Only the Armed Forces of Ukraine and the resistance of our people can stop this inhuman invasion. It’s barbarism that has missiles, but has nothing to do with people.
Such actions of the Russian occupiers, especially on the eve of the Day of Remembrance of all victims of World War II and the Day of Victory over Nazism, should remind every state and every nation that it is impossible to defeat evil once and for all.
Unfortunately, evil tends to return when people disrespect other people’s rights, disregard the law and destroy culture. This is exactly what happened to the Russian state. That is why we all have to defend ourselves now. Defend our people, our cities and even our museums, which are becoming targets for Russian missile strikes.
I am grateful to the teams of the International Committee of the Red Cross and the United Nations for helping us carry out the first phase of the Azovstal evacuation mission. More than 300 people were saved – women and children. Virtually, we evacuated civilians from Azovstal.
And we are now preparing the second stage of the evacuation mission – the wounded and medics. Of course, if everyone fulfills the agreements. Of course, if there are no lies.
Of course, we are also working to evacuate our military. All heroes who defend Mariupol. This is extremely difficult. But it is important. I’m sure everyone understands the root cause of this complication, as well as where the cause is located. But we do not lose hope. We do not stop. Every day we are looking for a diplomatic option that can work out.
Tomorrow, our team is preparing the further work of humanitarian corridors for all residents of Mariupol and surrounding settlements.
I held a meeting today on the activities of the executive branch. The main issues are economic. In particular, on providing Ukrainians with fuel. On overcoming the fuel shortage that arose after Russian missiles destroyed our Kremenchuk plant and oil depots across the country.
I heard reports on what is being done specifically to organize the supply of sufficient gasoline and other fuel types to Ukraine. The key task for government officials is to speed up the transportation of fuel from European ports to our consumers. The volume of such transportation should increase daily.
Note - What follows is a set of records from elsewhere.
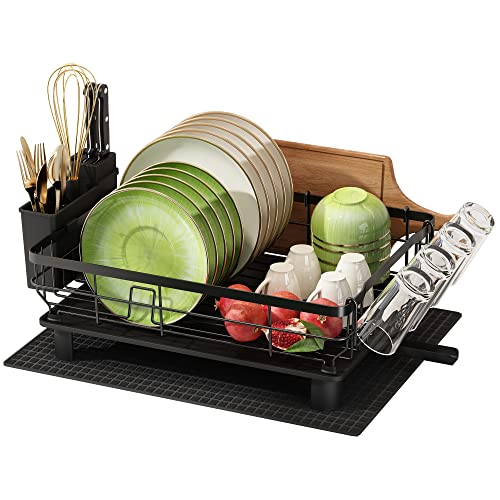 Dish Drainer Rack, Stainless Steel Dish Rack, Draining Board Rack with Swivel Drainage Spout, Dish Drying Rack with Utensil Holder, Cup Holder and Drying Mat, Black
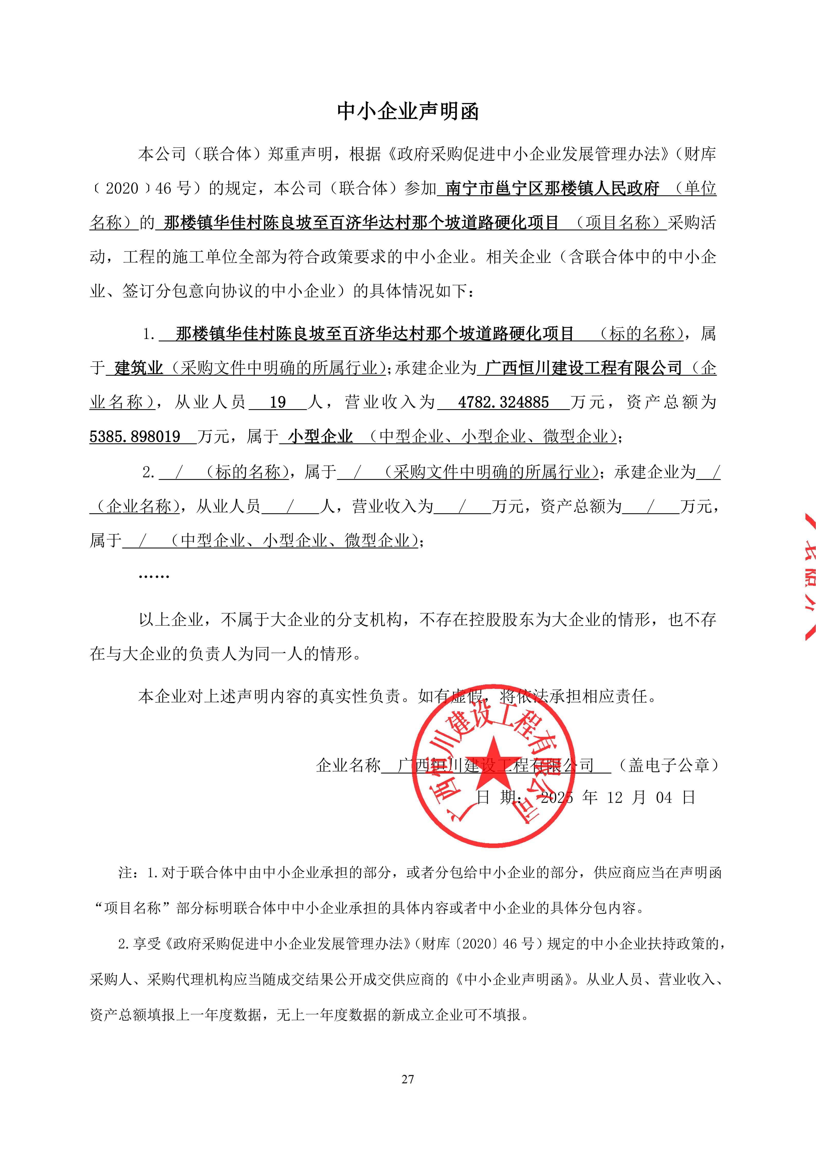 1那楼镇华佳村陈良坡至百济华达村那个坡道路硬化项目那楼镇华佳村陈良坡至百济华达村那个坡道路硬化项目具体以设计施工图及工程量清单包含的内容为准。60日历天蓝雪光二级建造师证:桂******4439,安全生产考核合格证B证:桂交安B(19)G00318
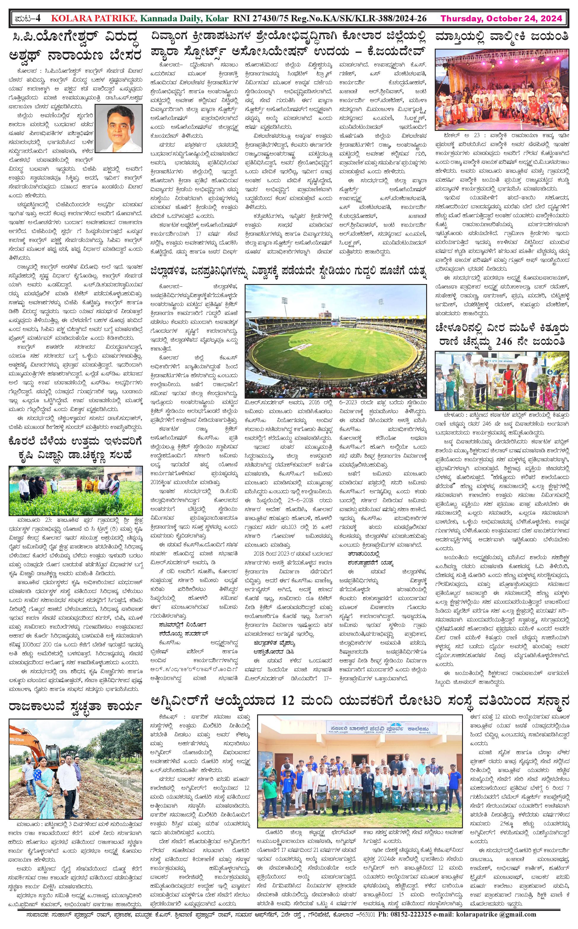 24 ಅಕ್ಟೋಬರ್ 2024 Page: 4 October 24, 2024 << First << 4 >> Last >> Page 1Page 2Page 3Page 4 × 24 ಅಕ್ಟೋಬರ್ 2024 page-1page-2page-3page-4 << First << 4 >> Last >> page-1page-2page-3page-4 page-4
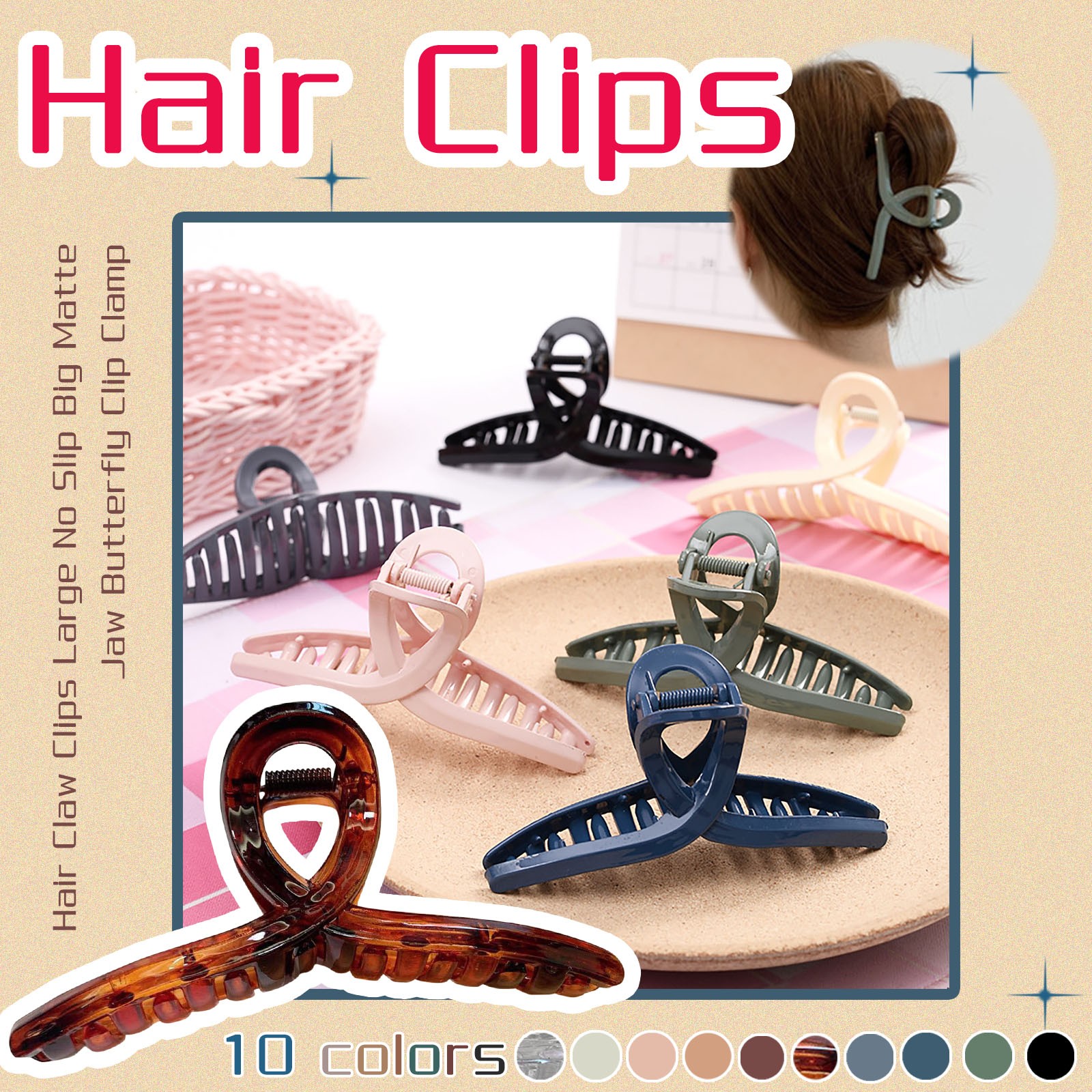 Sturdy Material: The hair clip claw is made of solid plastic. The strong spring makes the clamp easy to open and close, and don't snap unexpectedly. Wide Application: Perfect for either thin fine or thick curly wavy hair. Comfortably hold all day and will not poke into your scalps. Stay Secured: The teeth are close enough together so that the hair will be held well and don’t need to be readjusted throughout the day. Great Gift Ideas: 10 pieces in a set are perfect for you to give as gifts around the holidays. Perfect for ladies and girls of all ages.Package Included:

I also heard a report from the Minister of Finance on the execution of the state budget.
We are doing everything to ensure that the state fulfills all its social obligations despite the budget deficit and the deliberate destruction of our economy by the Russian army.
The preparation of the Post-War Recovery Plan was also discussed. This is a very large-scale task. But I have no doubt that we will implement it.
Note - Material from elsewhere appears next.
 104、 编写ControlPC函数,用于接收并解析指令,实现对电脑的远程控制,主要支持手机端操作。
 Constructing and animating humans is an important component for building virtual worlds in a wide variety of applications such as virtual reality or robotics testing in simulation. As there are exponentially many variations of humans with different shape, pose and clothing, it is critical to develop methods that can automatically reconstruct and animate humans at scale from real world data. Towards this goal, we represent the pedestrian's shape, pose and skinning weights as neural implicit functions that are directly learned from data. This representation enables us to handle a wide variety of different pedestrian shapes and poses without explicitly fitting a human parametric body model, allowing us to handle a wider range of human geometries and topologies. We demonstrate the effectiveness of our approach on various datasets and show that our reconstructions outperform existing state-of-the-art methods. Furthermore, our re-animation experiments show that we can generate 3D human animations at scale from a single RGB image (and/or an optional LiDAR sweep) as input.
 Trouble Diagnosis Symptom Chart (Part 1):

Today I was in Borodyanka, Kyiv region. Which is gradually returning to normal life.
Head of the President’s Office Andriy Yermak together with Minister of Infrastructure Oleksandr Kubrakov inspected the restored railway bridge over the Irpin River – it is already open for transport. Today we can say that the cities and communities of the Kyiv region liberated from the occupiers are provided with normal transport connections.
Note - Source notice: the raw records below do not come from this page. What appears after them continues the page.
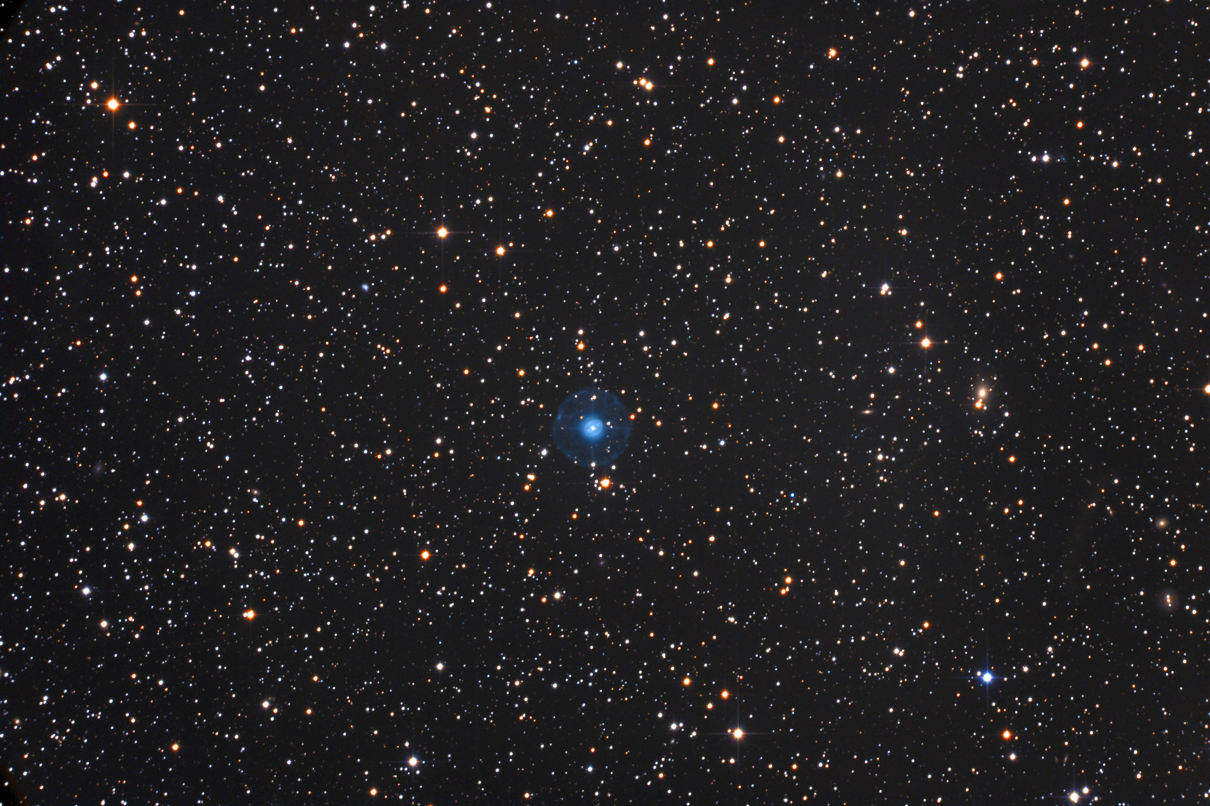 The distance of NGC 6826 is about 2000 to 2200 light years. Like all planetary nebulae, this is the remains of a red giant that has shed its outer layer of gas, leaving a hot, dense white dwarf star at its centre. Our sun will meet the same fate in a few billion years. The most striking feature are two clouds of ionized gas, so-called FLIERS (Fast Low-Ionization Emission Region), which propagate along the axis of symmetry at supersonic speeds. These appear to be of recent date. [187, 196]
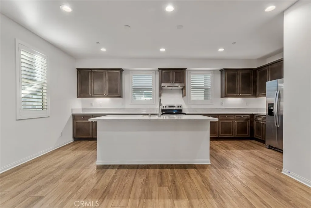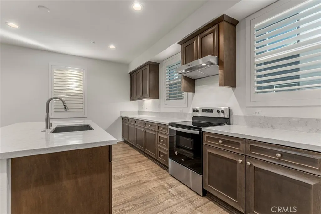 Modern 3-Story Detached Home in The Row Homes at Lacy Crossing, Santa Ana. Welcome to 921 E 3rd Street, a beautifully designed and energy-efficient modern detached residence in the sought-after Row Homes at Lacy Crossing community of Santa Ana. This contemporary three-story home features 4 spacious bedrooms and 3.5 bathrooms, offering a perfect blend of comfort, style, and functionality for todays lifestyle. As you enter, youre greeted by a ground-floor bedroom with a full bathroom, ideal for guests, a home office, or multigenerational living. The attached two-car garage provides direct access, along with extra storage space for added convenience. Upstairs, the second floor showcases a bright, open-concept layout featuring a spacious living room filled with natural light, high ceilings, and elegant flooring throughout. The chefs kitchen is the centerpiece of the home, complete with quartz countertops, a large center island, stainless steel appliances, and ample cabinetry for storage. A private balcony just off the living area offers the perfect spot for morning coffee, evening relaxation, or weekend entertaining. The third floor includes a tranquil primary suite featuring an ensuite bathroom with dual sinks, a glass-enclosed shower, and generous closet space. Two additional bedrooms and a full secondary bath provide plenty of room for family or guests, while the convenient upstairs laundry room adds everyday ease. Additional highlights include recessed lighting, plantation shutters, energy-efficient solar panels, and modern finishes throughout, creating a turnkey home ready
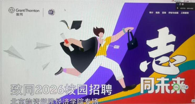 为助力2026届毕业生精准对接企业需求,增进应届毕业生对用人单位的了解,9月26日上午,beats365携手致同会计师事务所、四联创业集团股份有限公司、北京农商银行三家校招企业,举办了校企人才对接线上专场招聘宣讲会。通过企业代表现场解读招聘政策、分享行业动态,搭建起校企合作之桥,提高员工应聘效率。beats365百余名2026届毕业生参会,会议由辅导员李宜宸主持。
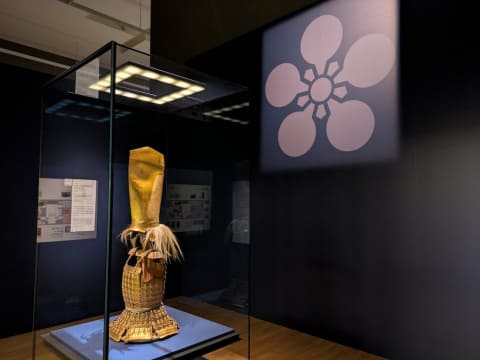会場に入ると、まず正対するのが鮮やかな金色の甲冑《金小札白糸素懸威胴丸具足》。
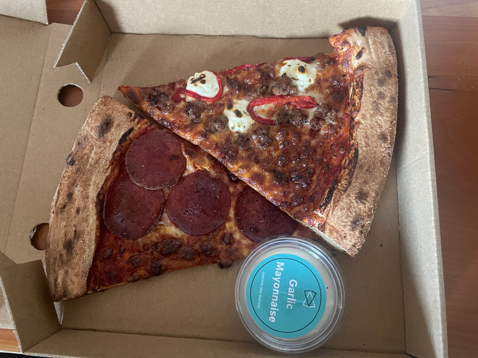 Breakfast: Starbucks caramel oat iced latte Lunch: American Pizza Slice: slice of pepperoni and a slice of fennel sausage Snack: JOE AND THE JUICE Oat 16oz Latte with an extra shot of espresso Dinner: Renshaw St. Food Market - Mong Kok braised beef brisket noodle soup
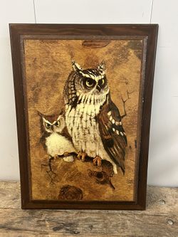 This is a vintage owl print titled Screech Owls wood mounted by artist Richard Hinger Mid Century 1960s 1970s$30Phoenix, AZ
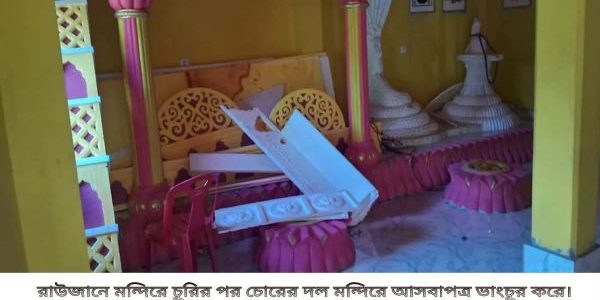 রাউজান প্রতিনিধিঃ রাউজানে এক রাতে দু’টি মন্দির চুরির ঘটনা ঘটেছে। গত রবিবার দিবাগত গভীর রাতে রাউজান উপজেলার নোয়াজিষপুর ইউনিয়নের ৫ নম্বর ওয়ার্ডে এই ঘটনা ঘটে। জানা যায়, নোয়াজিষপুর ইউনিয়নের ৫নম্বর ওয়ার্ডের দুলাল ডাক্তারের বাড়ি ও রবীন্দ্র ডাক্তার বাড়িতে পৃথক তালা…

I also traditionally signed decrees in the evening to award our defenders.
216 servicemen of the Armed Forces of Ukraine were awarded state awards. The title of Hero of Ukraine was awarded to Colonel Oleh Irodiyovych Hehechkora (posthumously), Commander of the helicopter squadron of the 11th separate brigade of the army aviation of the Ground Forces of the Armed Forces of Ukraine.
Eternal glory to all who stood up for our state!
Eternal memory to everyone who gave life for Ukraine!
Glory to Ukraine!
Here is today’s operational update from Ukraine’s MOD (emphasis mine):
The operational update regarding the russian invasion on 18.00 on May 7, 2022
The seventy-third day of the heroic resistance of the Ukrainian people to a russian military invasion continues.
russian enemy continues to conduct full-scale armed aggression against Ukraine.
russian enemy does not stop conducting offensive operations in the Eastern Operational Zone in order to establish full control over the territory of Donetsk and Luhansk oblasts and maintain the land corridor between these territories and the occupied Crimea.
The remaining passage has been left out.